# Develop Preset Volume Knob plug-in



## Brad Snyder (Sep 30, 2010)

Interesting plug-in concept I tripped across on another forum. Haven't tried it yet, so no comment.

http://www.knobroom.com/thefader/


----------



## johnbeardy (Sep 30, 2010)

Don't know who is behind it, but "Knobroom" isn't a name I would have chosen!


----------



## Victoria Bampton (Sep 30, 2010)

Poor choice of name, but neat idea for a plug-in.


----------



## johnbeardy (Sep 30, 2010)

Though I've never understood people wanting to transfer Photoshop's awkward Edit &gt; Fade to Lightroom or try to make Lightroom's presets like Photoshop layers.


----------



## manko (Sep 30, 2010)

If the very first thing that comes to mind from the word knob is glans, it's you who has that dirty mind...

(I'm the author)


----------



## johnbeardy (Sep 30, 2010)

Not if you're a native English speaker from the British Isles....


----------



## Victoria Bampton (Sep 30, 2010)

Hi Manko, welcome to the forum!

In the UK, that term does tend to be a little more carefully used as many people are sensitive to such phrases, whether intentional or not.

Anyway, it's great to have another plug-in author aboard, and a very neat idea for a plug-in.

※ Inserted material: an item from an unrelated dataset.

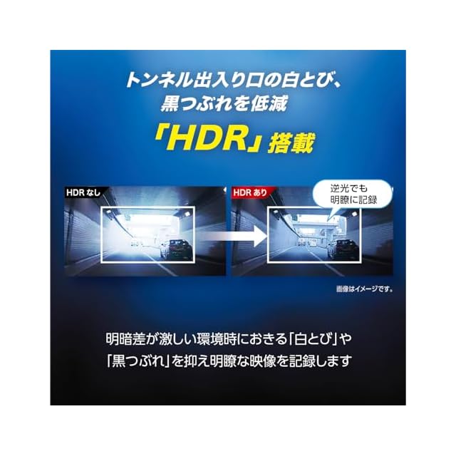 トンネル出入り口の白飛び、黒つぶれを提言、前後2カメラに「HDR」を搭載し、また、画像チューニングを行ったことで明瞭に録画。

I've heard a lot of people ask for a fade option for presets, so good to know your plug-in exists and we can point people in your direction.


----------



## Brad Snyder (Sep 30, 2010)

I think the author's main emphasis is on developing a Midi based multi-controller for Lr's sliders. 
Those things have lots of 'knobs' hence......

Yes, Manko, welcome to the forums.

To be honest, while I'm quite familiar with the 'anatomical' sense of the word, it never crossed my mind in this context.


----------



## Graeme Brown (Sep 30, 2010)

That's because you're not British Brad .... 

Manko - that's an excellent idea for a preset!
Just tried it, works brilliantly. I love the way all the various sliders move as you adjust the master fader. Very cool.


----------



## johnbeardy (Sep 30, 2010)

I actually find controlling LR through a midi board much more interesting than the fade idea. There are now a couple of these around, though I can't wait until someone puts a virtual midi onto an iPad and hooks that up to Lightroom - though I'm not sure that'll be enough to make me want an iPad 

John


----------



## Sean McCormack (Oct 5, 2010)

I'm still waiting on my Thomann order to arrive. It got held up with an iPad accessory ironically John. When it does arrive, it'll have a Korg nanon kontrol with it. Look forward to playing with this.


----------